— Exercise details —
Your reply should consist only of the lines from the one holding "时尚看点:及眉的刘海层次剪发" to the last line of the data below, written out exactly and without pictures.

— Collected material —

******************************

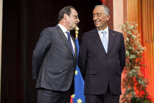 Após as intervenções, foram executados os hinos nacionais dos dois países, e deu-se início à cerimónia de imposição de insígnias aos 4 cidadãos nacionais, residentes em Paris, e cuja ação na noite de 13 de novembro de 2015 foi decisiva no socorro às vítimas do ataque terrorista no “Bataclan”. José Gonçalves, Manuela Gonçalves, Margarida de Santos Sousa e Natália Teixeira Syed receberam as insígnias de Cavaleiro/Dama da Ordem da Liberdade, ordem que se destina a distinguir serviços relevantes prestados em defesa dos valores da Civilização, em prol da dignificação da Pessoa Humana e à causa da Liberdade.
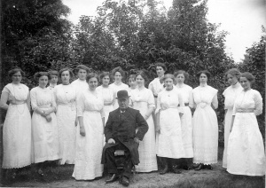 Krina Johanna Hocke Hoogenboom links staand van de zittende C.J. Hocke Hoogenboom, foto: Gemeentearchief Schouwen-Duiveland, inv.nr. SGP-0498. | |
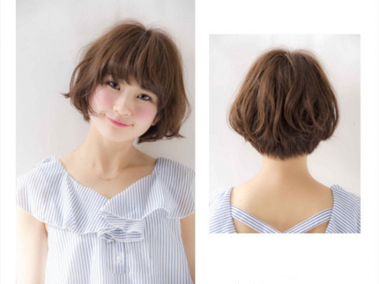 时尚看点:及眉的刘海层次剪发,使得头发向上方和两侧拉扯蓬松,突出MM明亮的大眼和精致的小脸,后脑的头发经过层次处理之后空气感较强,让头型看起来更加的饱满圆润,整体发型简单清爽,带点小女生的娇羞。
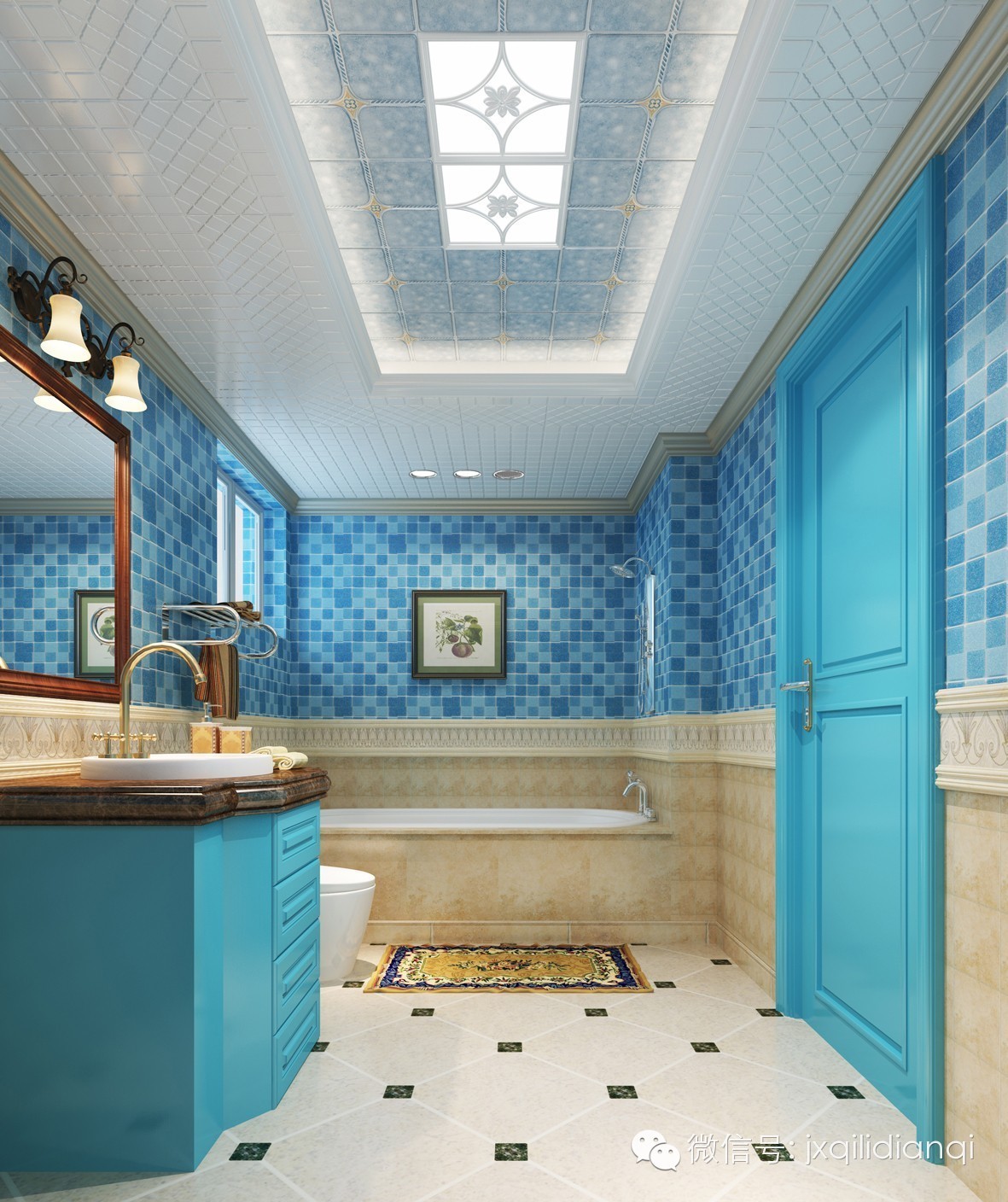衛(wèi)浴間的設(shè)計(jì)也是非常清爽,在追求時(shí)尚個(gè)性的今天,人們對(duì)于家居的裝修上也非常講究獨(dú)特性。無論浴室是大是小,只要通過悉心的打扮,便可以凸顯另一番如畫的風(fēng)景。衛(wèi)浴間運(yùn)用清爽的藍(lán)色,黃色的浴缸外邊更是顯示了地中海的風(fēng)格,色調(diào)不一的藍(lán)色墻磚和頂上的淺藍(lán)吊頂遙相呼應(yīng),猶如藍(lán)色海洋,在這樣的藍(lán)色環(huán)境下泡澡,別有一番風(fēng)味。

******************************

— Answer to this task —
 时尚看点:及眉的刘海层次剪发,使得头发向上方和两侧拉扯蓬松,突出MM明亮的大眼和精致的小脸,后脑的头发经过层次处理之后空气感较强,让头型看起来更加的饱满圆润,整体发型简单清爽,带点小女生的娇羞。
衛(wèi)浴間的設(shè)計(jì)也是非常清爽,在追求時(shí)尚個(gè)性的今天,人們對(duì)于家居的裝修上也非常講究獨(dú)特性。無論浴室是大是小,只要通過悉心的打扮,便可以凸顯另一番如畫的風(fēng)景。衛(wèi)浴間運(yùn)用清爽的藍(lán)色,黃色的浴缸外邊更是顯示了地中海的風(fēng)格,色調(diào)不一的藍(lán)色墻磚和頂上的淺藍(lán)吊頂遙相呼應(yīng),猶如藍(lán)色海洋,在這樣的藍(lán)色環(huán)境下泡澡,別有一番風(fēng)味。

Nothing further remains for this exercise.